Beavers are large rodents, so they are less courageous than their predator counterparts, like otters and minks. Beavers are most known for their characteristic buck teeth, large, rounded tails, and their ability to build structures that completely alter the environment around them. Due to this behavior, they are considered a keystone species — meaning if they were to be removed from their environment, the ecosystem could collapse. And until fairly recently, they were nearly extinct in Rhode Island.

The beaver’s decline throughout Rhode Island and the United States started during the fur trade in the 1800s when beaver pelts were in fashion. By the tail end of the century, beavers were hunted to near extinction, with the U.S. beaver population falling from 60 million to 400 million individuals to as low as 100,000 individuals. 
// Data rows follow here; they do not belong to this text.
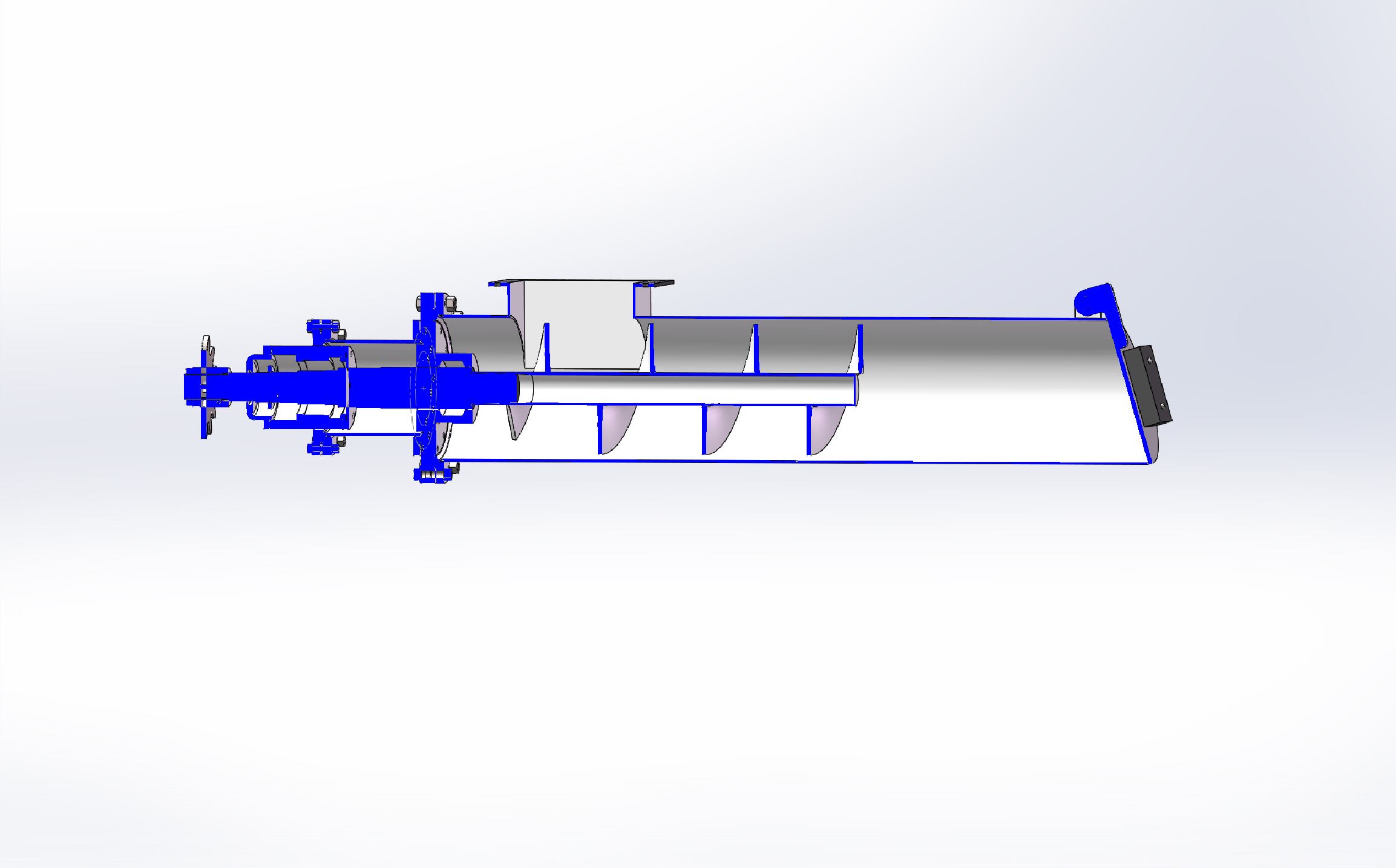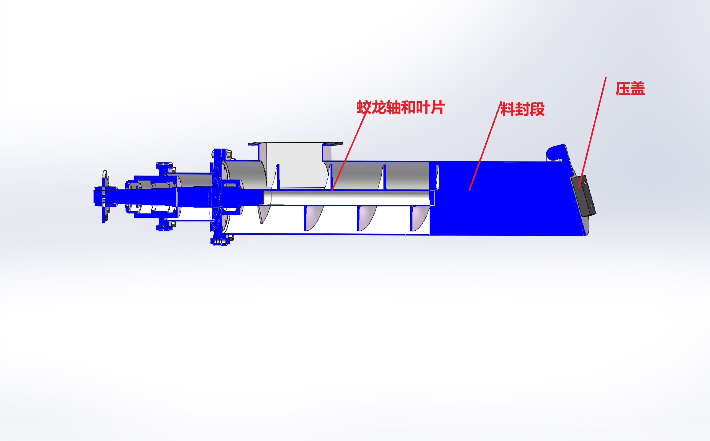结构原理:密封蛟龙主要由机架、绞龙机壳、绞龙轴、螺旋叶片、驱动电机、重力门等组成。内部的绞龙轴上安装有螺旋叶片,驱动电机带动绞龙轴旋转,使螺旋叶片推动物料沿机壳移动,实现物料的输送。为了达到密封效果,设有物料密封段,在绞龙叶片推动和挤压和重力门双重作用下,可使物料堆积紧密,对粉状和可压缩变形的物料,达到料封的目的。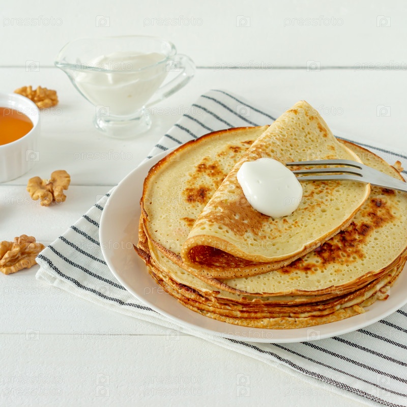 Блинчики с медовым сиропом и сметаной на белой тарелке. Традиционные блинчики на масленицу или масленицу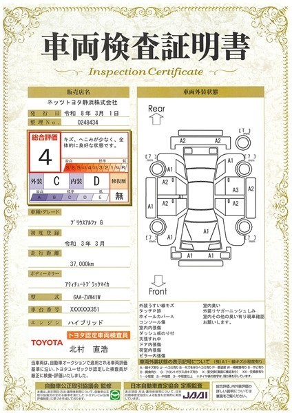 詳細及び現状の車両状態につきましては、店舗スタッフまでお尋ねください。 - 注2)上記と同様の評価点・状態表を「車両検査証明書」として店舗の展示車両に搭載しております。

Conservation efforts in Rhode Island included reintroduction and new protections, and in 1976 the first beaver lodge was found in a brook that leads into Carbuncle Pond in Coventry. Since then, the population has skyrocketed, and today, they are no longer considered at risk, according to the state Department of Environmental Management. 

But tensions are still present between beavers and humans. 

A video taken by children participating in Wild Lives classes in Providence. on the West River. (Video/Wild Lives)

Beavers’ tendency to dam up manmade waterways can cause flooding, damaging homes, businesses, and infrastructure. This has been prevalent in the northern part of the state — most notably in late August 2025 on North Smithfield’s Mechanic Street where beaver activity on a private property resulted in the flooding of town roads and nearby private yards. This has sparked debates among community members and council members and there is an ongoing discussion about how to live with the creatures. 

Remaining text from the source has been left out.